This systems failure is now killing people, as should be obvious to all of us in this House. I pay tribute to the incredible coalition of kindness in my city that is trying to turn the tide, particularly Councillor Sharon Thompson, who knows a thing or two about homelessness, Jean Templeton, who is chairing the Mayor’s taskforce, and the 14 or 15 different outreach groups that make sure that the homeless people in our city are not actually starving on the streets. However, what those people need is a Government who are on their side, and are prepared to make sure that the Mayor does not spend £1 million on secret consultants, but puts that money into ensuring that there are more emergency shelter places than there are rough sleepers.
We need a hard duty on all public services to act together and collaborate to prevent homelessness from happening in the first place.

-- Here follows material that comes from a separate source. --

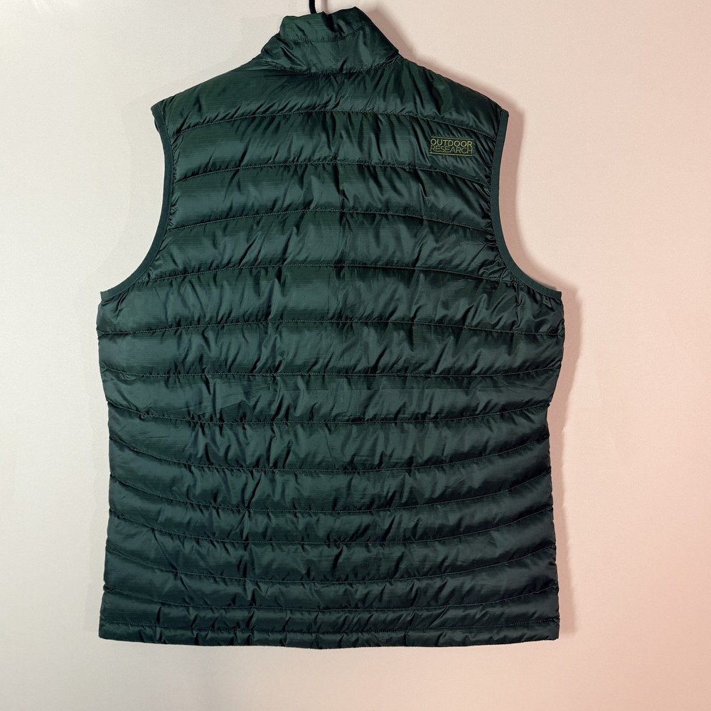 The Outdoor Research Transcendent Goose Down Puffer Vest in Forest Green is a high-quality and stylish outerwear piece for men. This vest is insulated with warm down feathers, making it perfect for colder weather. The nylon outer shell and polyester lining provide durability and comfort. The vest style adds a sleek and modern touch to the overall look, while the size Large ensures a comfortable fit for most men. Perfect for outdoor activities or everyday wear, this vest is a versatile and practical addition to any wardrobe.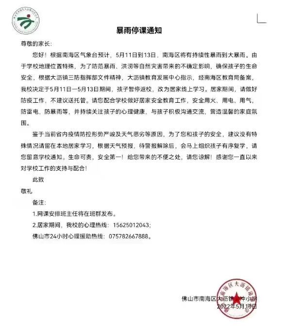 佛山全市中小学校、幼儿园停课两天

We need a region-wide private landlord licensing scheme. We need to expand accommodation in refuges. We need a universal offer on all public services for vulnerable people. We need to double the pace of council house building. We need to end the Vagrancy Act 1824 and reintroduce housing benefit for the under-25s. We need to end the lunacy of the “no recourse to public funds” rule, and we need an urgent review of the exempt accommodation rules.
George Dawson, the founder of the civic gospel in our city—the precursor of municipal socialism—once asked his congregation,
“Are you prepared to vindicate the enormous wealth of some men, side by side with the extreme poverty?”
I am not prepared to live in a city where we have cranes in the sky, but homeless people dying in the doorways. We need an emergency response to this moral emergency, and I hope the Minister will drive it through with today’s new Prime Minister.
Liam Byrne
It was not so long ago that, at about 2 am or 3 am, I met a man who goes by the name of “Ginge”. He sleeps in the Barclays bank lobby at Colmore Row, and has schizophrenia and bipolar disorder. Is he supposed to find the money to cover the entire rent of a home that he could move into?
The right hon. Gentleman refers to rough sleeping. Often people lump homelessness and rough sleeping together, but there is a huge difference between them. The Government are taking considerable action on rough sleeping. I will happily meet him, or arrange for the Housing and Homelessness Minister to do so, in order to discuss it in more detail. I know that he cares hugely about this issue, and contributes to debates on it. I share his passion. The Government are taking significant action, but he is right that we must look at LHA rates. I hope I made it clear at the outset that I am doing that with the Secretary of State, and ahead of the next fiscal event we are looking very closely at what more we can do.
Between 2000 and 2010, housing benefit expenditure rose by more than half in real terms, reaching £25 billion in today’s prices. Left unreformed, by 2014-15 housing benefit would have reached £29 billion. That was clearly not sustainable. The measure to freeze local housing allowance rates for four years from April 2016 built on reforms introduced in the previous Parliament, which saved £6 billion in total by 2015-16. Savings from freezing LHA are estimated to be around £655 million for Great Britain over the four-year period of the measure. Our reforms are part of our wider goal to move people from welfare and into work.
We recognise that some places have seen higher increases in rents than others, and have made provision to help people further in those areas, as the hon. Member for Westminster North (Ms Buck) mentioned. We have used a proportion of the savings from the freeze to reduce the gap between frozen LHA rates and the 30th percentile reference rent in the areas of greatest rental growth. Initially, 30% of the savings from the freeze were used for targeted affordability funding, but we invested an additional £125 million in that funding for the final two years of the freeze. That was based on 50% of the savings rather than 30%.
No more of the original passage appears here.